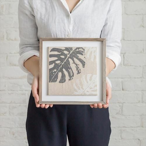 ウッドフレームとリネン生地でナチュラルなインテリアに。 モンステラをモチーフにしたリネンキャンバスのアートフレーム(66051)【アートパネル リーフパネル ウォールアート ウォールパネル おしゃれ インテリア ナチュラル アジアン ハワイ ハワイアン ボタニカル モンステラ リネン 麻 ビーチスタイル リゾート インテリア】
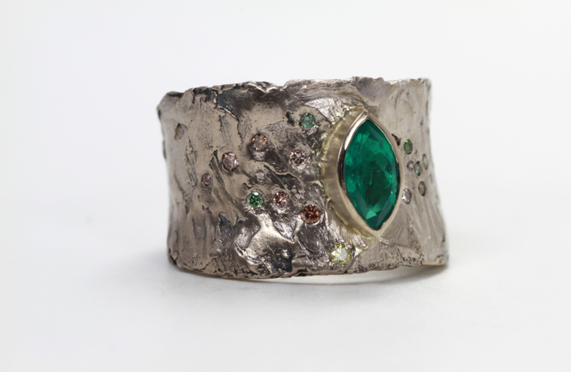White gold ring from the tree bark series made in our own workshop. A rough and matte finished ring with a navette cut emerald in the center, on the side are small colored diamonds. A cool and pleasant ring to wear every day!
--
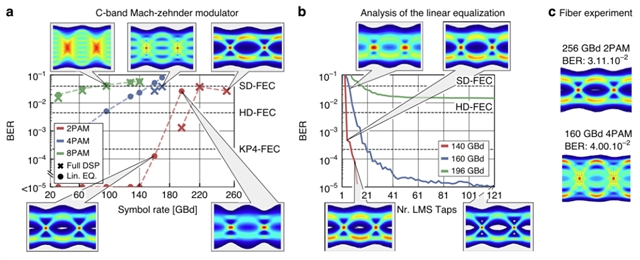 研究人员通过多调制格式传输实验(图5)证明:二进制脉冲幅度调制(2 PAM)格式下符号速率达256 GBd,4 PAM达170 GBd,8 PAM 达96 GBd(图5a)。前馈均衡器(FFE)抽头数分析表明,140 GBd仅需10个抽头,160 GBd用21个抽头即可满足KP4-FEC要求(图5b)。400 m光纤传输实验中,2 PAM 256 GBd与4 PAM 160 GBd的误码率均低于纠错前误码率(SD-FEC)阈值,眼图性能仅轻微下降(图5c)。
--
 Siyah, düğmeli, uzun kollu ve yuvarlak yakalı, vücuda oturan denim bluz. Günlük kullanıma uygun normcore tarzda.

(YOUR INSTRUCTIONS)
Reproduce, word for word, only the lines in the records above from the line with "ビーチスタイル リゾート インテリア】" through the line with "White gold ring", including both ends; omit the pictures.

(ANSWER TO THIS PROBLEM)
 ウッドフレームとリネン生地でナチュラルなインテリアに。 モンステラをモチーフにしたリネンキャンバスのアートフレーム(66051)【アートパネル リーフパネル ウォールアート ウォールパネル おしゃれ インテリア ナチュラル アジアン ハワイ ハワイアン ボタニカル モンステラ リネン 麻 ビーチスタイル リゾート インテリア】
White gold ring from the tree bark series made in our own workshop. A rough and matte finished ring with a navette cut emerald in the center, on the side are small colored diamonds. A cool and pleasant ring to wear every day!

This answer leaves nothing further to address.